- [THE TASK] In the entries that follow, how many lines contain the word "ہدایات"? Answer with the number only.

++++ GIVEN DATA

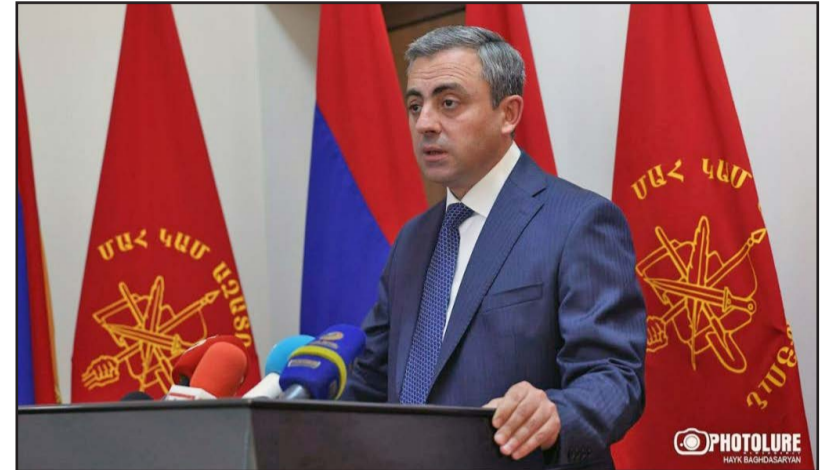
Մեծ ուժ կարենայ հաւաքել 49 տոկոսի ձայն, սակայն իշխանափոխութիւն տեղի չունենայ «մենք դա պարտութիւն կը համարենք»: Ան նշեց, որ «Հայաստան» խմբակցութեան հիմքին վրայ բանակցութիւններ կ'ընթանան այլ ուժերու հետ, սակայն մինչեւ արդիւնքի հասնիլը նպատակայարմար չէ այդ մասին խօսիլը:

Ըստ անոր՝ դաշտին մէջ կան լաւ ընդդիմադիր ուժեր՝ իրենց գաղափարներով, բայց ակնյայտ է, որ իրենք շեմը յարթահարելու դժուարութիւն ունին: «Ի՞նչ իմաստ կայ այդ ձայները փոշիացնելու: Եթէ մեր համագործակցութիւնից է կախուած լինելու այս իշխանութեան հեռացումը, մենք պատրաստ ենք ընդդիմադիր ուժերի հետ համագործակցել»: Սաղաթելեան դիտել տուաւ, որ նոյնիսկ եթէ որեւէ ընդդիմադիր
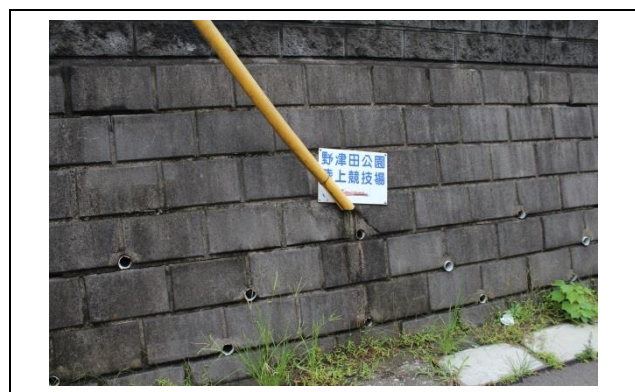
突き当りに「野津田公園陸上競技場」の標識があります。そこを左に進んでください。
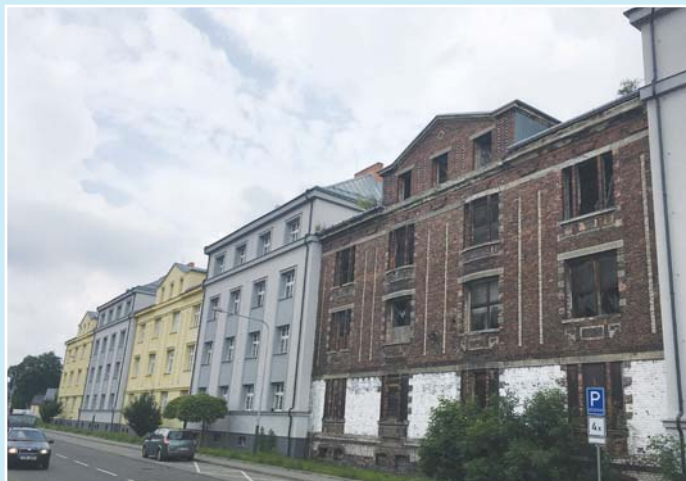
Na adrese Štramberská 10 vznikne po rekonstrukci objektu 11 moderních bytů.
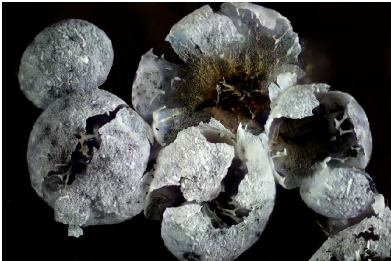
Physaridae, Physarida, Columellinia, Myxogastrea, Mycetozoa, Amoebozoa, Protozoa

Meyl., Bull. Soc. Vaud. Sci. Nat. 56: 66 (1925)
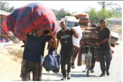
فلسطینی جاں بحق ہونے کے بعد، غزہ کے کئی علاقوں میں نخلہ کی نئی ہدایات جاری کی گئی ہیں۔

غزہ کی نئی ہدایات جاری ہیں۔ اسرائیلی فوج نے غزہ کے کئی علاقوں میں نخلہ کی نئی ہدایات جاری کی ہیں۔ اسرائیلی فوج نے غزہ کے کئی علاقوں میں نخلہ کی نئی ہدایات جاری کی ہیں۔ اسرائیلی فوج نے غزہ کے کئی علاقوں میں نخلہ کی نئی ہدایات جاری کی ہیں۔
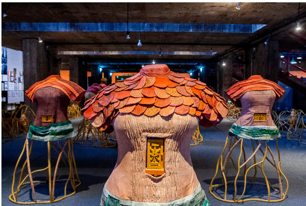
Imagem 4 - A Cidadela
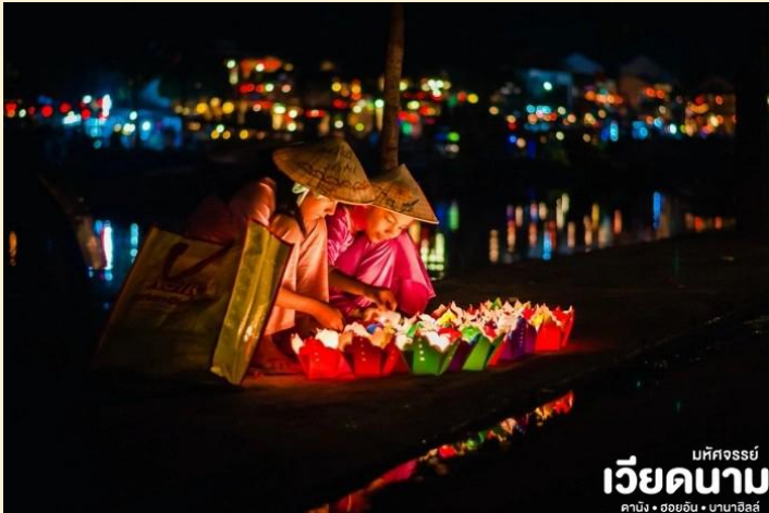
บัทจอร์นีย์ เวียดนาม คาบัง • ฮอยอัน • นานาฮือล์

โทรศัพท์ : 042-246662 / 086-4515274 E-mail : journeyticket@hotmail.com
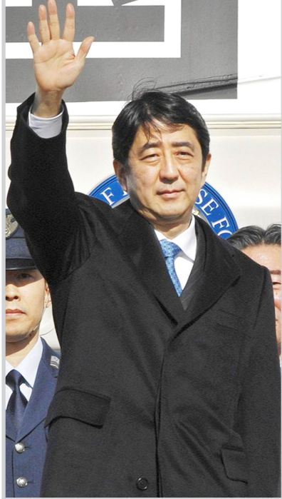
رئيس وزراء اليابان شينزو آبي

للإيبان. وأعرب عن اعتقاده بان كوريا الشمالية تشكل مصدرا للخطر على السلم العالمي. وقال ابي " ان امتلاك كوريا الشمالية لاسلحة نووية سوف يؤدي الى انتشار اسلحة الدمار الشامل في المنطقة".
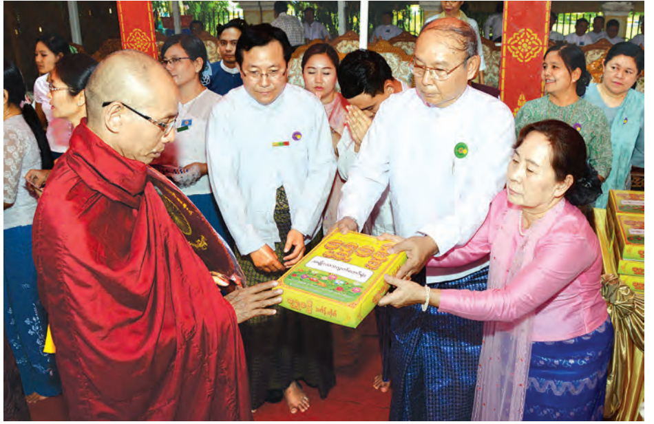
ပြည်ထောင်စုလွှတ်တော်နာယက၊ အမျိုးသားလွှတ်တော်ဥက္ကဋ္ဌ မန်းဝင်းခိုင်သန်းနှင့်ဇနီး နန့်ကြင်ကြည်တို့ ဆရာတော်အား ဆွမ်းဆန်စိမ်းနှင့် လှူဖွယ်ပစ္စည်းများ လောင်းလှူကြစဉ်။
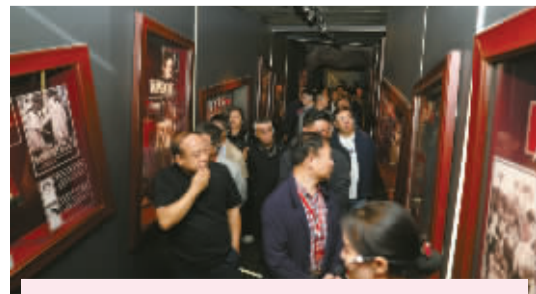
采访团来到承载着新中国电影辉煌历史的长春电影制片厂旧址博物馆,感受电影产业在新时代背景下的高质量发展。
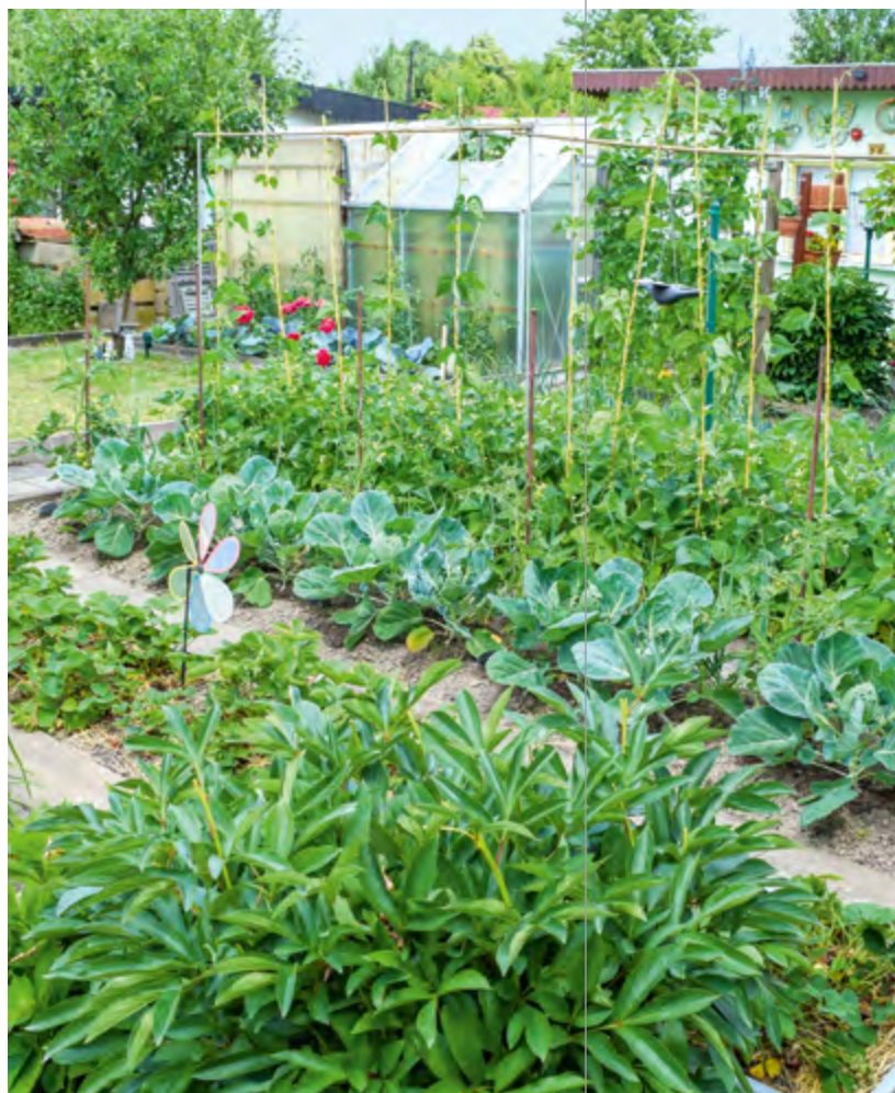
علاوه بر باغچه‌های سبزیجات و درختان میوه، گل‌ها و زیستگاه‌ها موجب تنوع گسترده گونه‌های گیاهی و حیوانی می‌شوند.

حداقل یک سوم مساحت قطعه زمین شما باید برای کشت میوه و سبزیجات برای نیاز شخصی مورد استفاده قرار گیرد. در این ارتباط باید تنوع در گیاهان قابل کشت مورد توجه قرار گیرد، شما به طور مثال مجاز نیستید همه باغ را فقط سیب زمینی بکارید.
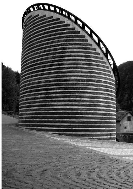
il. 9 Mario Botta, Kościół w Mogno, 1986–1989, Ticino, Szwajcaria
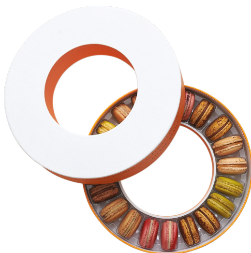
20 MACARONS Initiation 62,56€ HT DLC : 5 jours
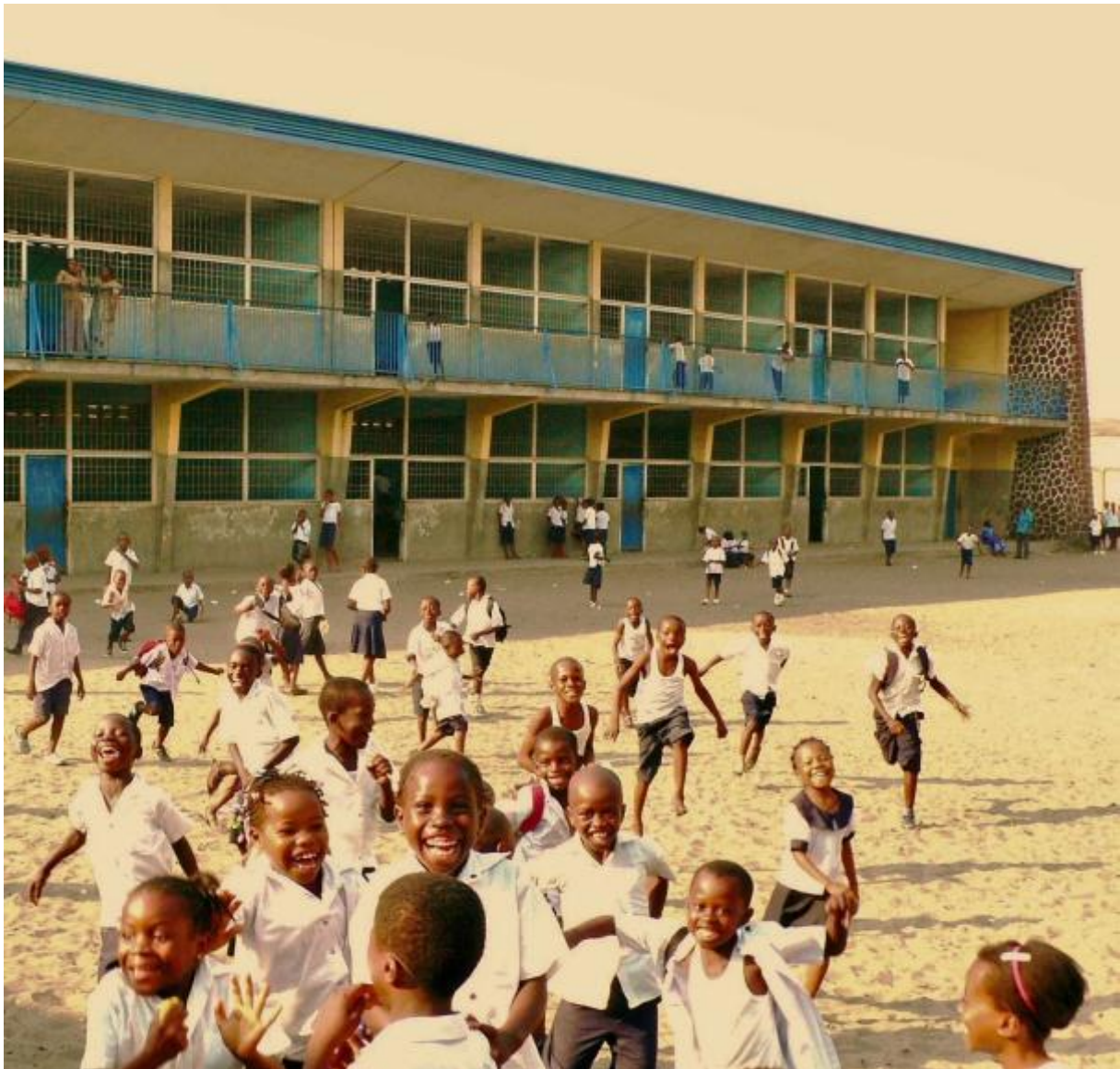
La préservation du patrimoine passe aussi par la sensibilisation des plus jeunes qui suivent parfois leur scolarité dans des écoles héritières de la modernité architecturale. École à Kinshasa et sensibilisation des jeunes, RDC.
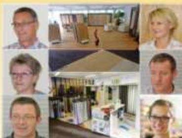
Mössinger Parkett Vorhänge
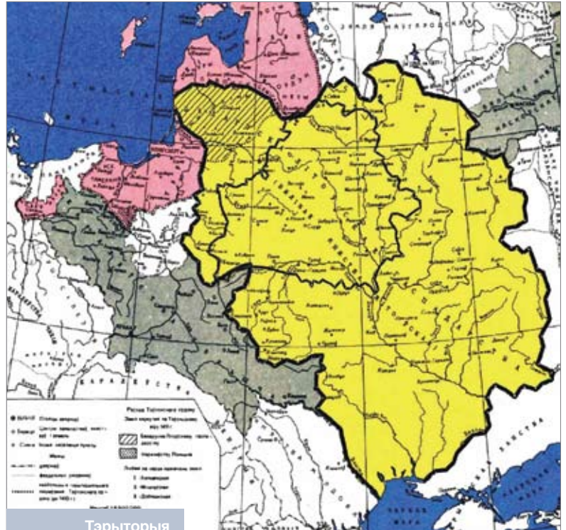
Тэрыторыя Вялікага княства Літоўскага пры Вітаўце (пачатак XV стагоддзя)

Кадыр-Берды быў апошнім сынам Тахтамышы, які прэтэндаваў на ўладу ва ўсёй Залатой Ардзе. Са смерцю Едыгея, пры якім Залатая Арда была больш-менш адзінай дзяржавай, міжусобная вайна розных прэтэндэнтаў на ханскі трон толькі ўзмацнілася. Аднак гэта не спыніла Вітаўта. ВКЛ да таго часу вельмі пашырыла свае межы, якія даходзілі да Чорнага мора. Апроч літоўскай гавані Хаджы-бей (Адэсы), ВКЛ мела ад татараў замкі каля Дняпра: Крамянчуг, Упск, Місурын, Гербедзеў Рог, Тавань, Баргун, Цягін (Бяндэры) і Ачакаў, якія служылі перашкодай для ордаў, што вандравалі з боку Дона [22, с. 9].
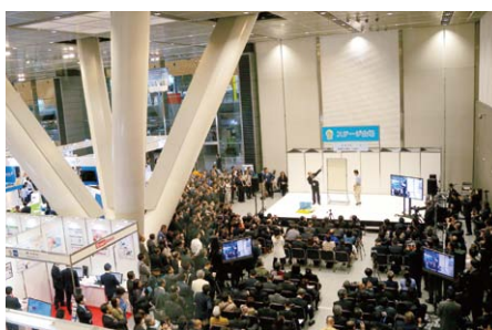
▲ビルクリーニング複数等級化の模範演技会

++++++++

- [FINISHED TASK] 2